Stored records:

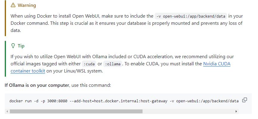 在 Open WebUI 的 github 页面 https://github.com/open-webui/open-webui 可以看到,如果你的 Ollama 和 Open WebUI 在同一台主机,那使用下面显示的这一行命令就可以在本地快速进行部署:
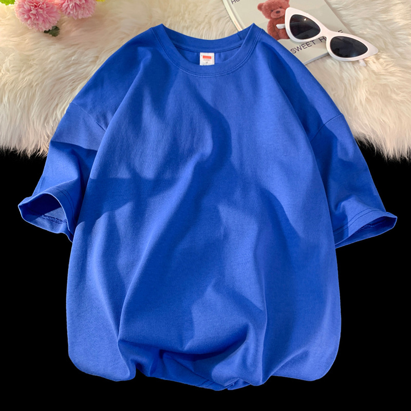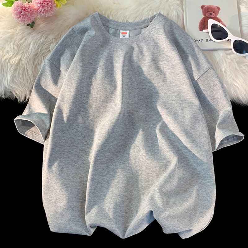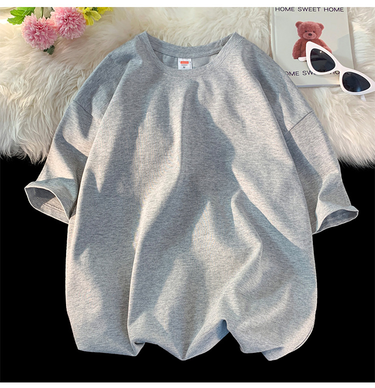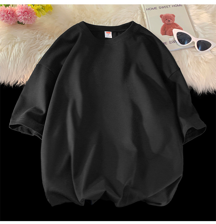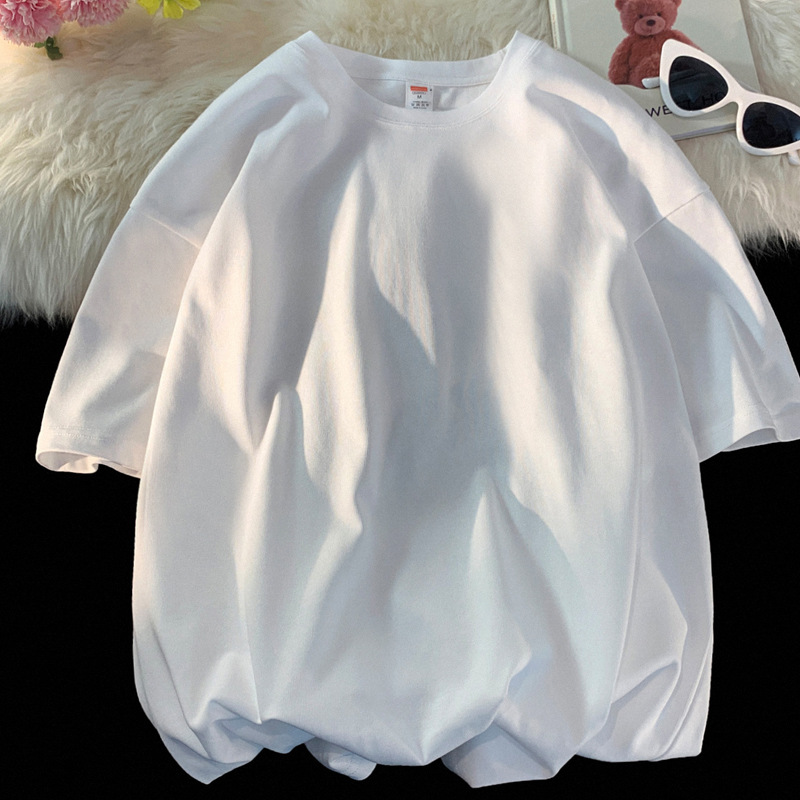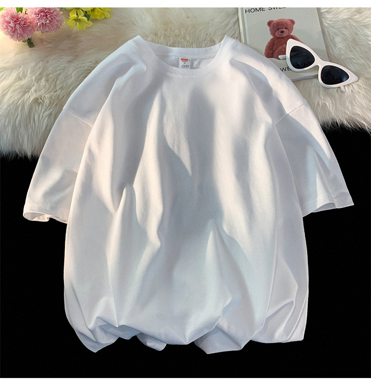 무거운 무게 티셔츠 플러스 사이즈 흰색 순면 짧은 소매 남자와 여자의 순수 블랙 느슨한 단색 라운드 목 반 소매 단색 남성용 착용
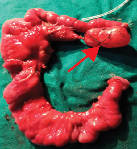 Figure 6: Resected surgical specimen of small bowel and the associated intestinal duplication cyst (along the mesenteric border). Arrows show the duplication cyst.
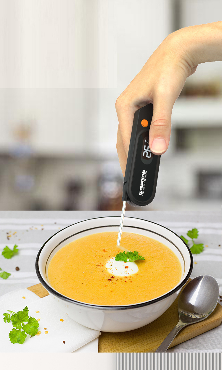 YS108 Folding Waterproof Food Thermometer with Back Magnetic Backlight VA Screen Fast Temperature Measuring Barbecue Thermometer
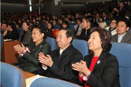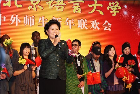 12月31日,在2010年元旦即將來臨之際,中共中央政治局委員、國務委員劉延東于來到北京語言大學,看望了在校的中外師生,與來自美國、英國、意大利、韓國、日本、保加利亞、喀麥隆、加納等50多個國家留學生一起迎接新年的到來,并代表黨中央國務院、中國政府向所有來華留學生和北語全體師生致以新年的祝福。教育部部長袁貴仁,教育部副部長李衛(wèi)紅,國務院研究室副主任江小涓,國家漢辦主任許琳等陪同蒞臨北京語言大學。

### Work order
Transcribe all of the data above verbatim but omit every picture.

### Result of this exercise
 在 Open WebUI 的 github 页面 https://github.com/open-webui/open-webui 可以看到,如果你的 Ollama 和 Open WebUI 在同一台主机,那使用下面显示的这一行命令就可以在本地快速进行部署:
 무거운 무게 티셔츠 플러스 사이즈 흰색 순면 짧은 소매 남자와 여자의 순수 블랙 느슨한 단색 라운드 목 반 소매 단색 남성용 착용
 Figure 6: Resected surgical specimen of small bowel and the associated intestinal duplication cyst (along the mesenteric border). Arrows show the duplication cyst.
 YS108 Folding Waterproof Food Thermometer with Back Magnetic Backlight VA Screen Fast Temperature Measuring Barbecue Thermometer
 12月31日,在2010年元旦即將來臨之際,中共中央政治局委員、國務委員劉延東于來到北京語言大學,看望了在校的中外師生,與來自美國、英國、意大利、韓國、日本、保加利亞、喀麥隆、加納等50多個國家留學生一起迎接新年的到來,并代表黨中央國務院、中國政府向所有來華留學生和北語全體師生致以新年的祝福。教育部部長袁貴仁,教育部副部長李衛(wèi)紅,國務院研究室副主任江小涓,國家漢辦主任許琳等陪同蒞臨北京語言大學。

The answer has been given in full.